Because it is not me.
I’m very much like my mother’s old friend Patsy, stylistically. My mother would come over and ask me why I had done certain things or chosen certain things and then she would say, “I never would have chosen that hideous color.” You see, things like that are negative introjects to a person. It causes them to doubt everything?
You can think of negative introjects as if the heart of a person is like a tiny pincushion inside. Each one of those negative statements is like a pin going in.
One of the happiest summers I ever had was in Patsy’s house, here. I adored her. In the next post I’ll show you that style, because, I am going to arrange my life in that style from now on. I have got to get away from this darkness, and I am going to.
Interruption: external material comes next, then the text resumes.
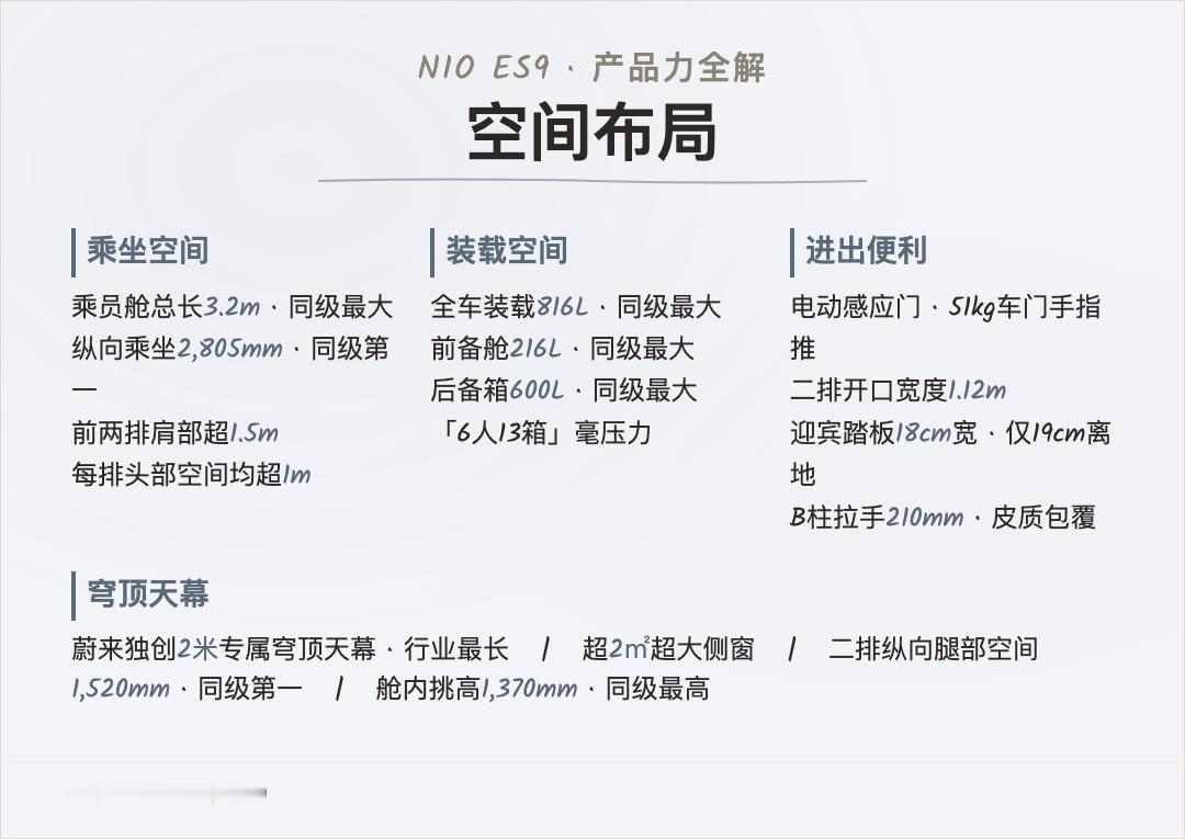 蔚来ES9的细节特别多,我整理了9张卡片,相比文字更容易阅读和转发。蔚来ES9公

Most of my family’s antiques are dark like these photographs. Very dark ebony or mahogany?
I like light things. Yesterday I went out for lunch and stopped in this little shop I love and bought myself a birthday present. It’s this! Only, it has been washed in a creamish paint? It isn’t an antique, but I loved it because it really represents who I am on many levels…
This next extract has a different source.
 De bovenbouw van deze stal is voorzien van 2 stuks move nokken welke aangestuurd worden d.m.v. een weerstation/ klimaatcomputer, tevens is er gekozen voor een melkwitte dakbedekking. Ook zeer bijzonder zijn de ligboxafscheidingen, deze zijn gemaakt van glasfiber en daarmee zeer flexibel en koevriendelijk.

I also went out for lunch, and walked around the little town I like to the south of here that has little shops I love and things I like to look at.
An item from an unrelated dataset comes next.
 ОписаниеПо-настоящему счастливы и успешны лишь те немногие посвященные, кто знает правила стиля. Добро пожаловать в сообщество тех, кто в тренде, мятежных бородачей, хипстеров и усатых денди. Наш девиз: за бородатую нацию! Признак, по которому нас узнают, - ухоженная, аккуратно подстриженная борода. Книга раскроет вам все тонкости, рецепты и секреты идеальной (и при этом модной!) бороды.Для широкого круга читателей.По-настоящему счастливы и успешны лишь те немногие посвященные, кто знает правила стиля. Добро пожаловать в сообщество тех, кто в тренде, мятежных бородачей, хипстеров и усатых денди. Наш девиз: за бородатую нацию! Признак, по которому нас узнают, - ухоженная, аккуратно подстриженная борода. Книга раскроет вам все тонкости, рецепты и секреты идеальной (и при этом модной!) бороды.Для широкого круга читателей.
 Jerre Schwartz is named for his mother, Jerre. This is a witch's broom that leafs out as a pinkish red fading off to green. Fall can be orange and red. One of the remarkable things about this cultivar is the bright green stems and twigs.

So — I’m laughing because I have this mascot in my car, now.
I thought of doing something amusing like posing it all over the place and just making photographs of her — it was sort of done already in that film Amelie, but…
The whole idea of that is very amusing to me because of my friend Joseph and his very whimsical paintings and it would give me something to do.
Also, looking at those paintings reminds me of how much I love to work in watercolor, too. I use it in abstract paintings — kind of colorfield paintings and I just want to make some. In fact, I want a place to do all these things?
Because here, I cannot.
In all of the rooms in this house there is not even one corner for me. This computer is that corner. My window out, I expect.
When that book sells, I shall have the best parties in the world and everyone can come and stay.
J’s friends love classical music, and it was through one of them I was introduced to this:
Astor. Oh! Well, it goes with the darkness in these photographs for me.
Astor, like that…
Listening to this is like all of the last decade.
I’m going to get out of that decade now.
I shall show you who I really am, in pictures…
(and maybe because of J’s soul in those paintings, I am inspired to do one as well, damn.)
In the meantime I shall photograph my little mascot with this little camera I have. I never exactly figured out how to really work the thing — too complicated. It runs on batteries and it holds like 9 shots at a time, which is dumb. I used to have a Leica and a proper darkroom — but those have gone the way of all things…
The first thing I’m going to buy is a decent movie camera.
Because, as I am looking at things these days I see footage unfolding that I want to catch.